The formation of gas giants has greatly influenced the structure of our solar system while their evolution has played a crucial role in shaping its history. Consequently, the growth of Jupiter has been studied quite extensively. However, little attention has been paid to Saturn and the other giants in the outer solar system.

Here we explore, through 𝑁-body simulations, the implications of the simplest disc and pebble accretion model on the formation of the giant planets in the solar system. A steady-state accretion scenario with an assumed ring structure in the disc at 5 AU was adopted for the simulations. A 10-parameter space was explored, including disk parameters related to gas — such as the gas diffusion rate and the strength of disk turbulence — as well as parameters concerning planetesimals, including their number, mass, and spatial distribution.

In this framework, giant planet formation is most sensitive to the accretion sticking efficiency in addition to all the gas disk parameters. The probability distribution of the final location of the giant planets is approximately constant in log r, suggesting there is a slight preference for formation closer to the Sun, but no preference for more massive planets to form closer. We compute the average formation time for proto-Jupiter to reach 10 Earth masses to be 1.1 ± 0.3 Myr and for proto-Saturn 3.3 ± 0.4 Myr, while for the ice giants this increases to ~5 Myr.

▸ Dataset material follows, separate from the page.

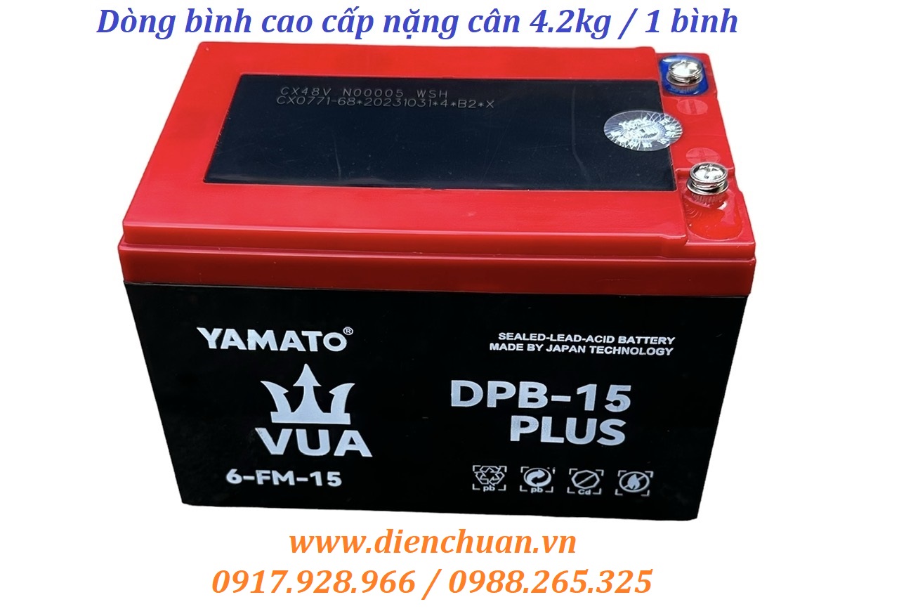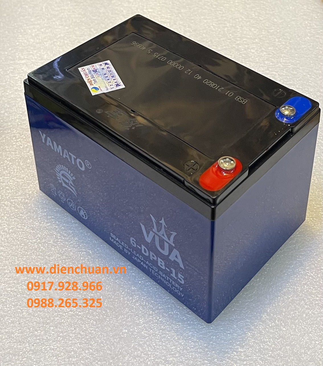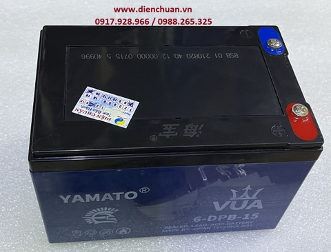 Ắc quy khô Yamato Vua 6-DPB-15/ 6-FM-15/ YMT-12-15 ( 12V 15Ah) là một trong những loại ắc quy lắp cho xe đạp điện, dùng cho loa kéo, quạt sạc 12V, bóng đèn 12V, động cơ điện 12V tốt nhất trên thị trường hiện nay.

The formation timescales of the cores of the gas giants are distinct, suggesting that they formed sequentially. Accordingly, ice giants formed at the very end of the gas disc’s lifetime resulting in their low gas mass. A larger parameter space and extended simulation times are required to capture the full range of possible outcomes, with particular emphasis on producing all three types of giant planets within a single simulation.